BEGIN Data extract
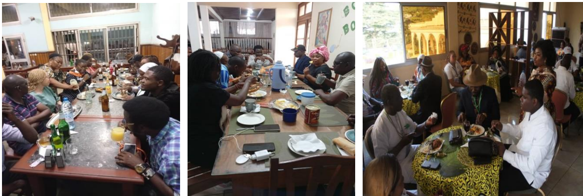
Quelques images des dîners avec les invités internationaux.

Les festivaliers depuis quelques années sont logés au même endroit à savoir à Mvolyé. Un comité d'accueil est mis en place à cette occasion pour accueillir les différents invités nationaux et internationaux pour plus de sécurité et pour une meilleure organisation. Un véhicule est mis à leur disposition et un protocole de qualité. Une cinquantaine de chambres mise à disposition pour les festivaliers désireux loger avec les invités officiels. Pendant leur séjour, ils sont pris en charge complètement par le Comité d'Organisation.
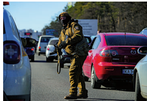
▲2月28日，烏克蘭士兵在基輔一處關口檢查過往車輛。

現在，哈爾科夫已進入全天宵禁狀態，烏克蘭軍隊已警告當地民眾，在宵禁期間外出，隨時可能會面臨被擊斃的風險。
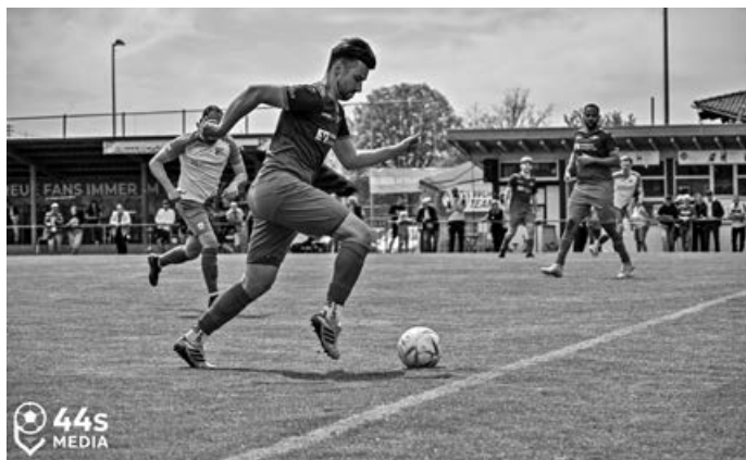
Die Zweite im Vorwärtsgang.
END Data extract
Your task is to repeat only the lines from the line containing "Les festivaliers depuis" through the final line of the material, inclusive; do not include pictures.

Result for this task:
Les festivaliers depuis quelques années sont logés au même endroit à savoir à Mvolyé. Un comité d'accueil est mis en place à cette occasion pour accueillir les différents invités nationaux et internationaux pour plus de sécurité et pour une meilleure organisation. Un véhicule est mis à leur disposition et un protocole de qualité. Une cinquantaine de chambres mise à disposition pour les festivaliers désireux loger avec les invités officiels. Pendant leur séjour, ils sont pris en charge complètement par le Comité d'Organisation.
▲2月28日，烏克蘭士兵在基輔一處關口檢查過往車輛。

現在，哈爾科夫已進入全天宵禁狀態，烏克蘭軍隊已警告當地民眾，在宵禁期間外出，隨時可能會面臨被擊斃的風險。
Die Zweite im Vorwärtsgang.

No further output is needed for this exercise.